_Information supplied_

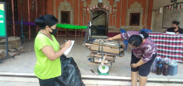 Penimbangan sampah non-organik di Bank Sampah Mawar Banjar Tengah Peguyangan.
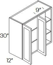 30" Tall by 24" Wide Wall Square Corner Cabinet with Bi -Fold 2 Doors, | (24" W x 30" H x 12" D)
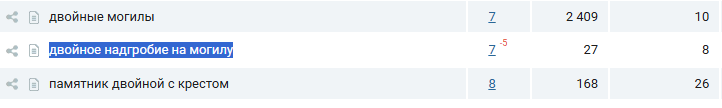 Далее можно поискать ключевые фразы, о которых мы не догадывались. Например, есть страница «двойные памятники на могилу». Среди неочевидных запросов: «двойное надгробие на могилу», «сдвоенный памятник на могилу».
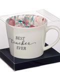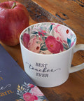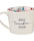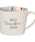 Best Teacher Ever Ceramic Mug in White with Floral Interior
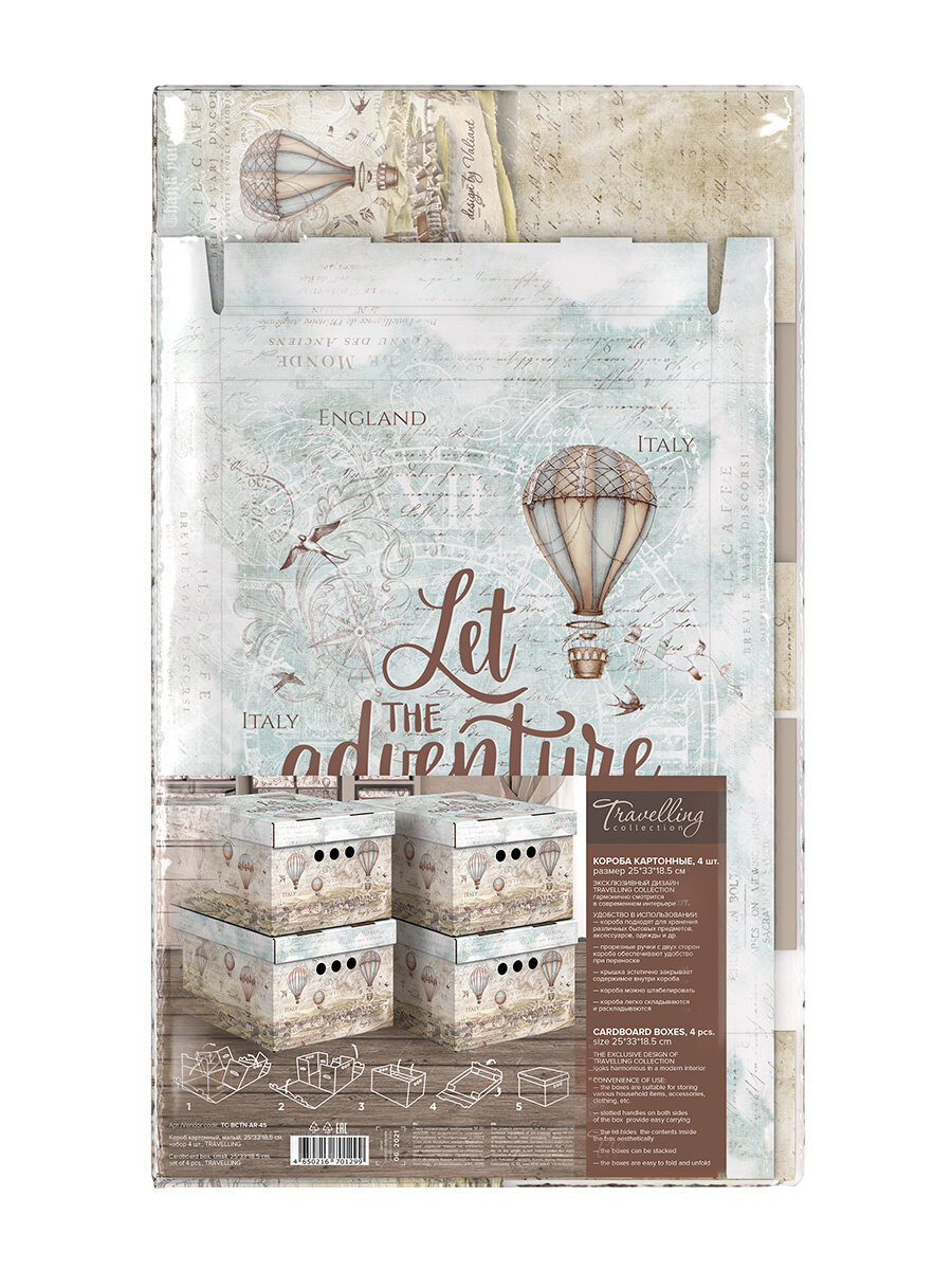 Короб картонный, малый, 25*33*18.5 см, монохром, набор 4 шт, TRAVELLING AIR
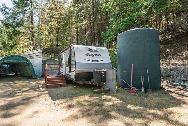 Escape to your own Mountain Retreat -28.25 acres with creek frontage, gushing spring, and panoramic views and so close to the Trinity River. Discover peace and privacy on the stunning 28.25 acres property offering year round creek, breath -taking Mountain views, and a host of valuable amenities. Nestled in nature this land boast a 12 X 60 manufactured home with a 200 sf addition under a Ramada, featuring a 2 bedroom and 1 bathroom- with a dog door and dog kennel attached for your furry friends, perfect for full time living or a serene getaway. Enjoy a bunkhouse with cozy wood stove & a sleeping loft, two covered carports, two 16 X 30 RV metal carports, an abundant of water resources- including a gushing spring, two 5,000 gallon water tanks, two 4,000 gallon water tanks. Take in the quite Escape to your own Mountain Retreat! 28.25 acres with creek frontage, gushing spring, and panoramic views and so close to the Trinity River. Discover peace and privacy on the stunning 28.25 acres property offering year round creek, breath-taking Mountain views, and a host of valuable amenities. Nestled in nature this land boast a 12 X 60 manufactured home with a 200 sf addition under a Ramada, featuring a 2 bedroom and 1 bathroom- with a dog door and dog kennel attached for your furry friends, perfect for fulltime living or a serene getaway. Enjoy a bunkhouse with cozy wood stove & a sleeping loft, two covered carports, two 16 X 30 RV metal carports, an abundance of water resources including a gushing spring, two 5,000 gallon water tanks & two 4,000 gallon water tanks. Take in the quite beauty of your surroundings from any corner of the land, whether relaxing or tending to a garden. If you're seeking self-sufficiency, a mountain escape, or a homesteader's paradise, this property delivers it all.
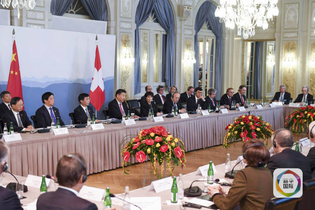 1月16日,國(guó)家主席習(xí)近平在伯爾尼同瑞士聯(lián)邦主席洛伊特哈德共同會(huì)見瑞士經(jīng)濟(jì)界代表。(新華社記者李學(xué)仁攝)
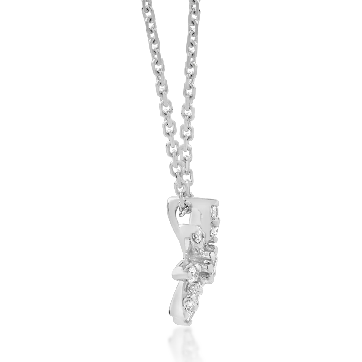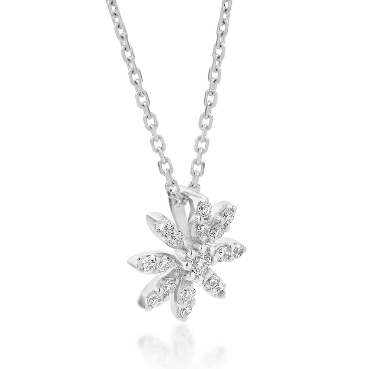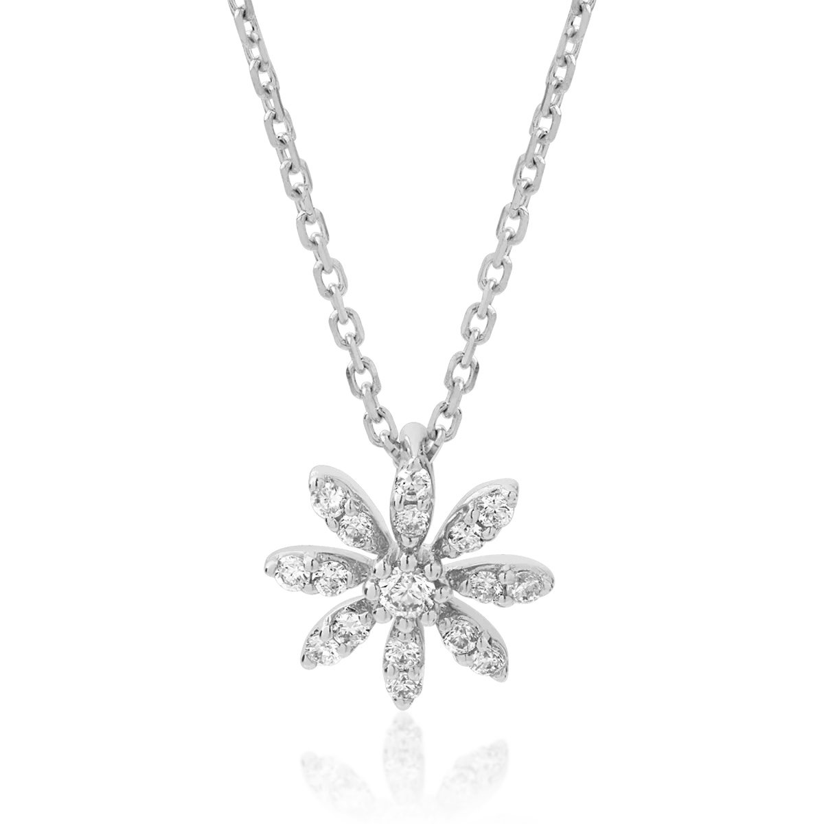 Lant cu pandantiv floare din aur alb cu diamant de 0.01ct si diamante de 0.06ct
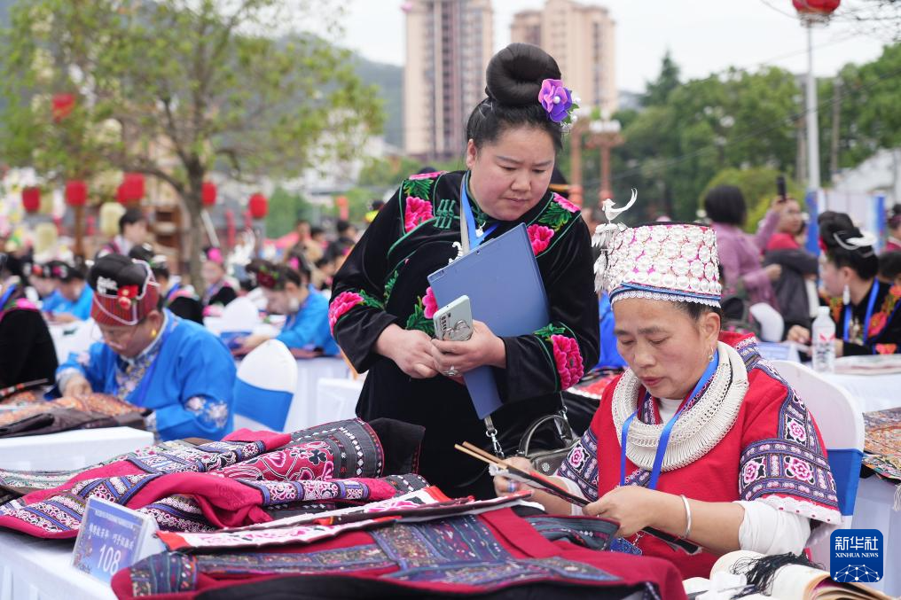 4月21日,苗族妇女在台江县参加苗族刺绣大赛。新华社
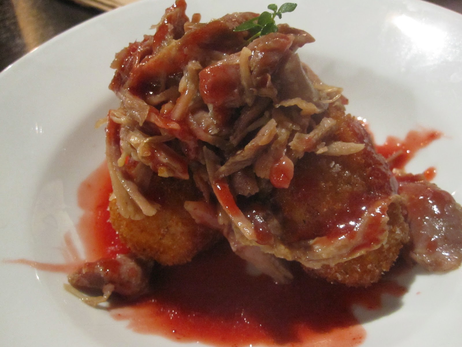 crispy curried calf brain - butternut squash puree, arugula gremolata, grape compote
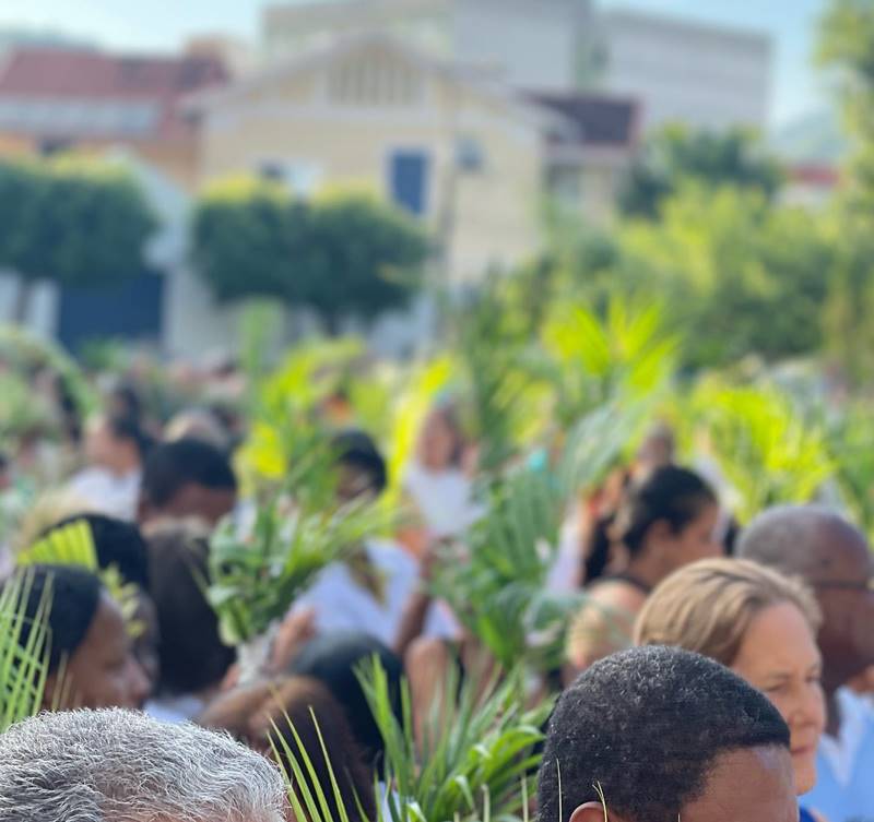 Os fiéis se concentraram na Praça Félix Martins, região central da cidade, para a benção dos Ramos e proclamação do evangelho da entrada do Senhor em Jerusalém.
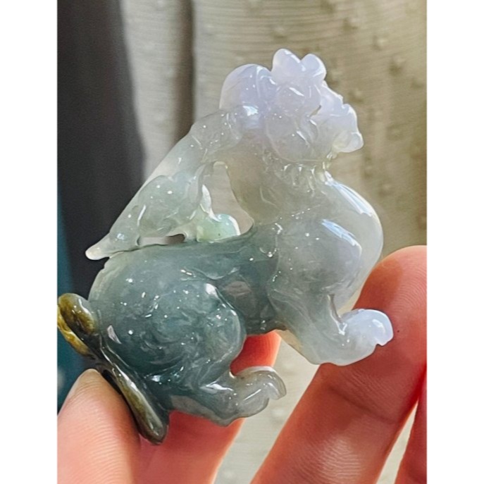 冰帶膠感春帶彩滿色 淡粉紫融合灰綠 起冰糖黃霧層俏雕尾巴 財在身後
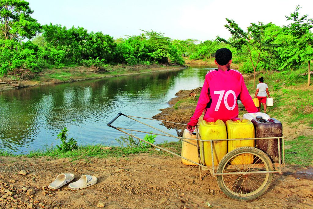 Imagen 2. La comunidad del corregimiento de Martinica, zona rural de Montería, recoge agua en el caño La Caimanera marzo 2026.
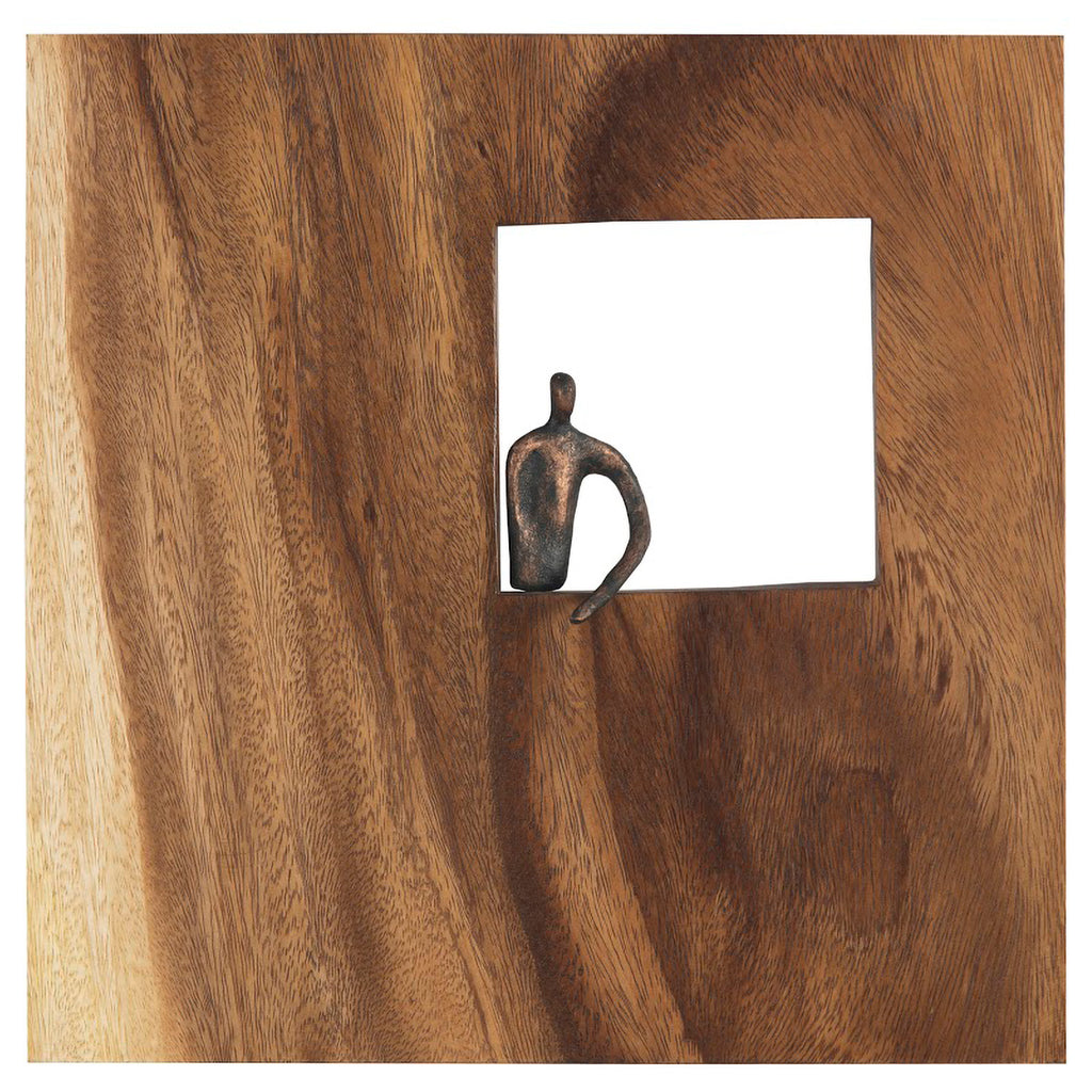 The clean lines of the Posing Figure Square Wall Decor make this warm piece of decorative wall art a perfect accent for contemporary, modern farmhouse, and mid-century modern interiors. Abstractly rendered in metal in a bronze finish, the slim figure adds a whimsical accent to the reclaimed wood frame that also brings a textural appeal to a room. Powerful on its own, this piece of art can be combined with five other abstract figures, each playing its part within the cutout in the square wood wall plate.
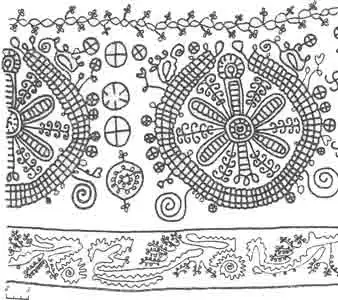 Этот календарь представляется не осколком более протяженной календарной системы, это классический представитель древнего народного календаря, который можно назвать "неполным". Впрочем, со временем дополнительные "кувшины" могли прибавляться, так как период, подвергавшийся календарному счету, постепенно удлинялся, но всегда должен был сохраняться элемент разрыва и последовательности чисел - того разрыва, при помощи которого здесь преодолевалась иррациональность длительности солнечного года. Схему народного календаря на наиболее позднем этапе его развития можно видеть в своеобразных вышитых узорах, бытовавших в Каргополье вплоть до конца XIX - начала XX века. К сожалению, расшифровка древнего аспекта этих узоров еще не проводилась. Обычно приводится поздняя народная версия, полностью совмещающая контур этого календаря с кругом юлианского. Но при этом совершенно не учитывается наличие разрыва в календаре-вышивке и то, что число делений на нем не равно и не кратно числу дней юлианского года. Однако "неполнота" народного календаря требовала ежегодного подтверждения астрономическими наблюдениями, и это неудобство оказалось его преимуществом - наблюдения и ежегодная привязка к какойлибо точке солнечного цикла служили средством, обеспечивающим точность этого календаря.
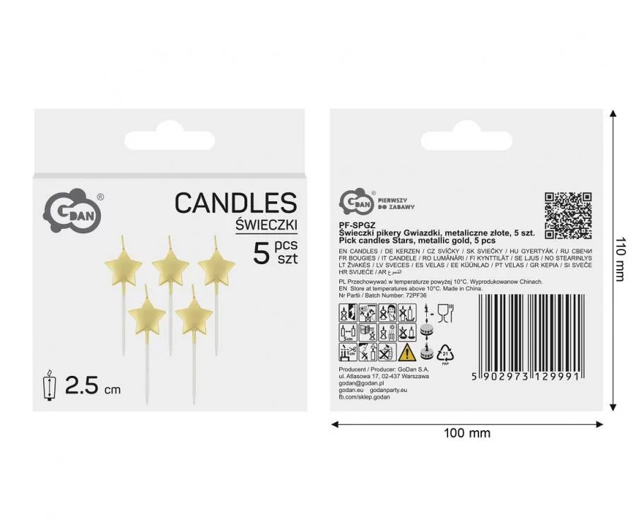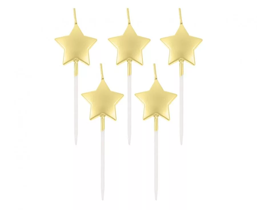 Stea Metallic Gold Lumânare pentru tort aurie, set de lumânări 5 bucăți Stea Metallic Gold Lumânare pentru tort aurie, set de lumânări 5 bucăți

_Task requirements_
Quote the preceding listing precisely and completely, omitting its images.

_Output for this exercise_
 Penimbangan sampah non-organik di Bank Sampah Mawar Banjar Tengah Peguyangan.
 30" Tall by 24" Wide Wall Square Corner Cabinet with Bi -Fold 2 Doors, | (24" W x 30" H x 12" D)
 Далее можно поискать ключевые фразы, о которых мы не догадывались. Например, есть страница «двойные памятники на могилу». Среди неочевидных запросов: «двойное надгробие на могилу», «сдвоенный памятник на могилу».
 Best Teacher Ever Ceramic Mug in White with Floral Interior
 Короб картонный, малый, 25*33*18.5 см, монохром, набор 4 шт, TRAVELLING AIR
 Escape to your own Mountain Retreat -28.25 acres with creek frontage, gushing spring, and panoramic views and so close to the Trinity River. Discover peace and privacy on the stunning 28.25 acres property offering year round creek, breath -taking Mountain views, and a host of valuable amenities. Nestled in nature this land boast a 12 X 60 manufactured home with a 200 sf addition under a Ramada, featuring a 2 bedroom and 1 bathroom- with a dog door and dog kennel attached for your furry friends, perfect for full time living or a serene getaway. Enjoy a bunkhouse with cozy wood stove & a sleeping loft, two covered carports, two 16 X 30 RV metal carports, an abundant of water resources- including a gushing spring, two 5,000 gallon water tanks, two 4,000 gallon water tanks. Take in the quite Escape to your own Mountain Retreat! 28.25 acres with creek frontage, gushing spring, and panoramic views and so close to the Trinity River. Discover peace and privacy on the stunning 28.25 acres property offering year round creek, breath-taking Mountain views, and a host of valuable amenities. Nestled in nature this land boast a 12 X 60 manufactured home with a 200 sf addition under a Ramada, featuring a 2 bedroom and 1 bathroom- with a dog door and dog kennel attached for your furry friends, perfect for fulltime living or a serene getaway. Enjoy a bunkhouse with cozy wood stove & a sleeping loft, two covered carports, two 16 X 30 RV metal carports, an abundance of water resources including a gushing spring, two 5,000 gallon water tanks & two 4,000 gallon water tanks. Take in the quite beauty of your surroundings from any corner of the land, whether relaxing or tending to a garden. If you're seeking self-sufficiency, a mountain escape, or a homesteader's paradise, this property delivers it all.
 1月16日,國(guó)家主席習(xí)近平在伯爾尼同瑞士聯(lián)邦主席洛伊特哈德共同會(huì)見瑞士經(jīng)濟(jì)界代表。(新華社記者李學(xué)仁攝)
 Lant cu pandantiv floare din aur alb cu diamant de 0.01ct si diamante de 0.06ct
 4月21日,苗族妇女在台江县参加苗族刺绣大赛。新华社
 crispy curried calf brain - butternut squash puree, arugula gremolata, grape compote
 Os fiéis se concentraram na Praça Félix Martins, região central da cidade, para a benção dos Ramos e proclamação do evangelho da entrada do Senhor em Jerusalém.
 冰帶膠感春帶彩滿色 淡粉紫融合灰綠 起冰糖黃霧層俏雕尾巴 財在身後
 Imagen 2. La comunidad del corregimiento de Martinica, zona rural de Montería, recoge agua en el caño La Caimanera marzo 2026.
 The clean lines of the Posing Figure Square Wall Decor make this warm piece of decorative wall art a perfect accent for contemporary, modern farmhouse, and mid-century modern interiors. Abstractly rendered in metal in a bronze finish, the slim figure adds a whimsical accent to the reclaimed wood frame that also brings a textural appeal to a room. Powerful on its own, this piece of art can be combined with five other abstract figures, each playing its part within the cutout in the square wood wall plate.
 Этот календарь представляется не осколком более протяженной календарной системы, это классический представитель древнего народного календаря, который можно назвать "неполным". Впрочем, со временем дополнительные "кувшины" могли прибавляться, так как период, подвергавшийся календарному счету, постепенно удлинялся, но всегда должен был сохраняться элемент разрыва и последовательности чисел - того разрыва, при помощи которого здесь преодолевалась иррациональность длительности солнечного года. Схему народного календаря на наиболее позднем этапе его развития можно видеть в своеобразных вышитых узорах, бытовавших в Каргополье вплоть до конца XIX - начала XX века. К сожалению, расшифровка древнего аспекта этих узоров еще не проводилась. Обычно приводится поздняя народная версия, полностью совмещающая контур этого календаря с кругом юлианского. Но при этом совершенно не учитывается наличие разрыва в календаре-вышивке и то, что число делений на нем не равно и не кратно числу дней юлианского года. Однако "неполнота" народного календаря требовала ежегодного подтверждения астрономическими наблюдениями, и это неудобство оказалось его преимуществом - наблюдения и ежегодная привязка к какойлибо точке солнечного цикла служили средством, обеспечивающим точность этого календаря.
 Stea Metallic Gold Lumânare pentru tort aurie, set de lumânări 5 bucăți Stea Metallic Gold Lumânare pentru tort aurie, set de lumânări 5 bucăți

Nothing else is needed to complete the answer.